A sufficiently powerful and advanced AI could handle millions, billions, or more avatar bodies or other sources and recipients of data at once.
However, it may be easier to first develop an AI that can handle one body with sapient-level intelligence, following the
general KISS principle of engineering. (Actually, it might be easiest to do it very incrementally, such as first managing the equivalent of a lizard's general intelligence then progressively greater challenges, breaking a hard problem down into smaller steps to be mastered one at a time before focusing on the next). When the AI becomes powerful enough in time, it can always control more avatars and have more incoming sources of data later.
Starglider wrote:Sikon wrote:Possibly, there might be additional similarities to biological brain development for the first sapient AI if its seed code was developed by understanding and partially copying that of progressively more complex biological organisms, from those with simple nervous systems to those with complex brains
Well yes, if you mimic biology closely, then your learning process /will/ resemble biological learning. I don't personally like the biomorphic approach, but I admitt that the consequences of a /badly written/ biomorphic AGI have a significantly smaller chance of being disasterous that a /badly written/ de novo AGI.

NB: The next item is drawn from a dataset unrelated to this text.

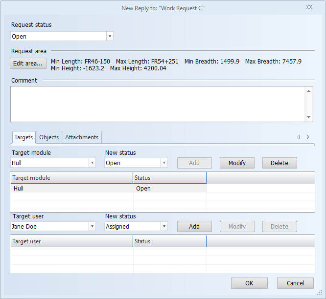 You can modify a work request by making a new reply. When replying to a work request, you can change status values, assign objects, manage attachments, and add comments. All comments are displayed as a discussion chain in the Work Request Manager dialog.
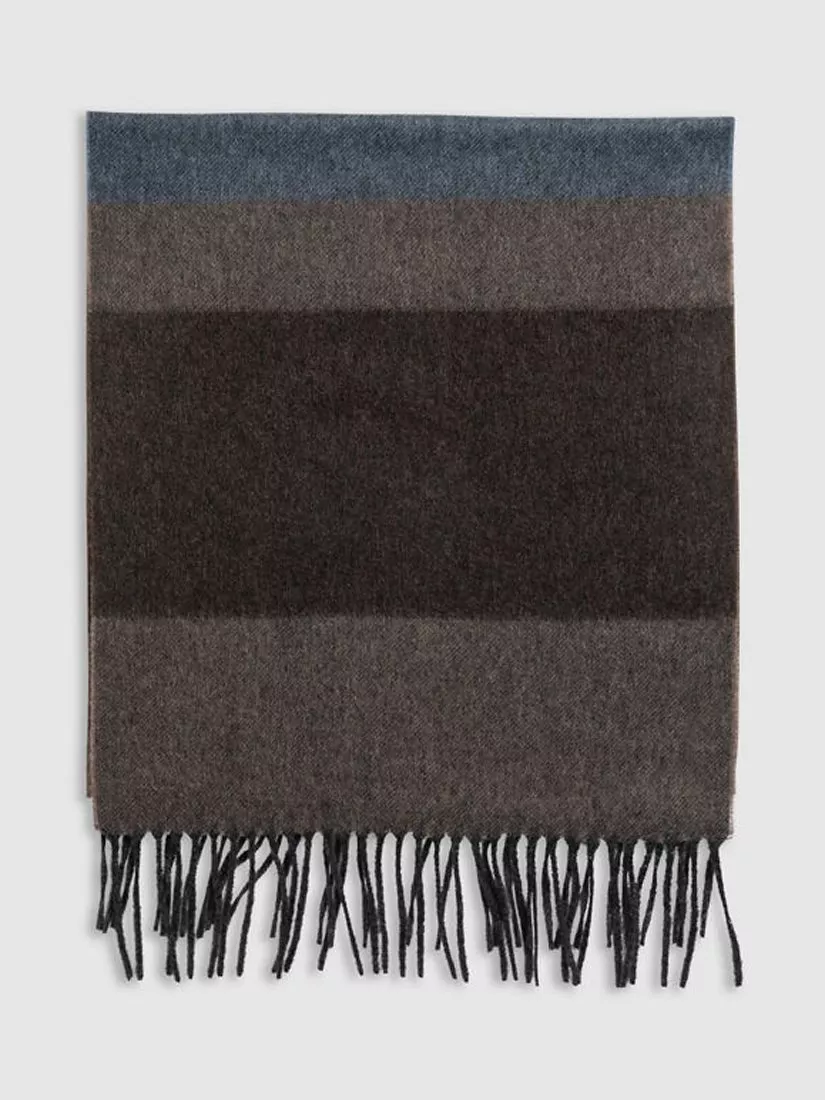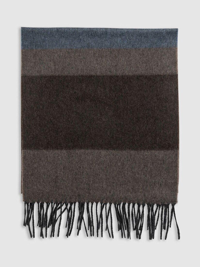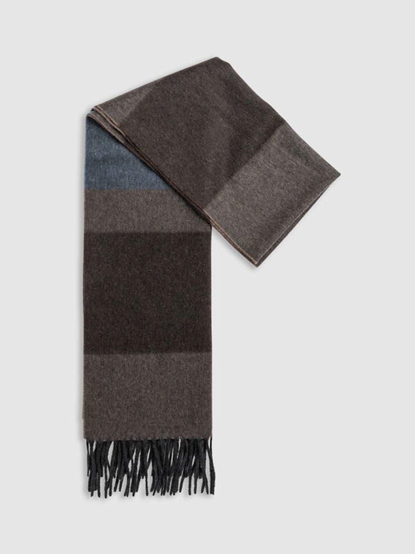 The Boucott Street is a premium scarf woven in Italy from regenerated cashmere in subtle tones but featuring bold strips across the ends of the scarf and finished with a charming fringe trim.

That's a good point. In fact, if the first sapient AI was simply raised to human-level brainpower and operating speed before proceeding further, while resembling biological intelligence enough to be (relatively) understood by humans, that could be a powerful safeguard. In that case, only upon passing a safety evaluation would it be subsequently cleared to receive continuing upgrades taking it to the less understandable, harder to predict, more alien state of superhuman intelligence. A primitive analogy is that those in sensitive military positions like personnel handling nuclear weapons are given psych screening first.
Starglider wrote:Sikon wrote:Of course, after that, things get more complicated, as potentially sapient AIs may become more and more alien.
Of course they will, but if they're transhumand and they're actually interested in communicating with you then you may not notice, as emulating a human personality at the interface layer will rapidly become a trivial task.
True ... though there might also be obtained the technology to upgrade one's own intelligence, reducing the gap.
Starglider wrote:While a large minority of AGI researchers believe that embodiment makes things much easier regardless of whether the AI is closely biomorphic (obviously I am not in this group), only a small minority claim that embodiment is absolutely necessary in the development of a new AI.
When current robots don't compare well in versatile intelligence even to lizards, with progress slowed by software limitations even when hardware capabilities improve, any technique that makes it much easier to transverse the vast gap to human and superhuman intelligence in a reasonable period of time is practically a necessity. Obtaining such would be hard enough without unnecessary constraints on the solution like skipping the benefit of having a physical avatar body through which the AI learns from interaction with the real world.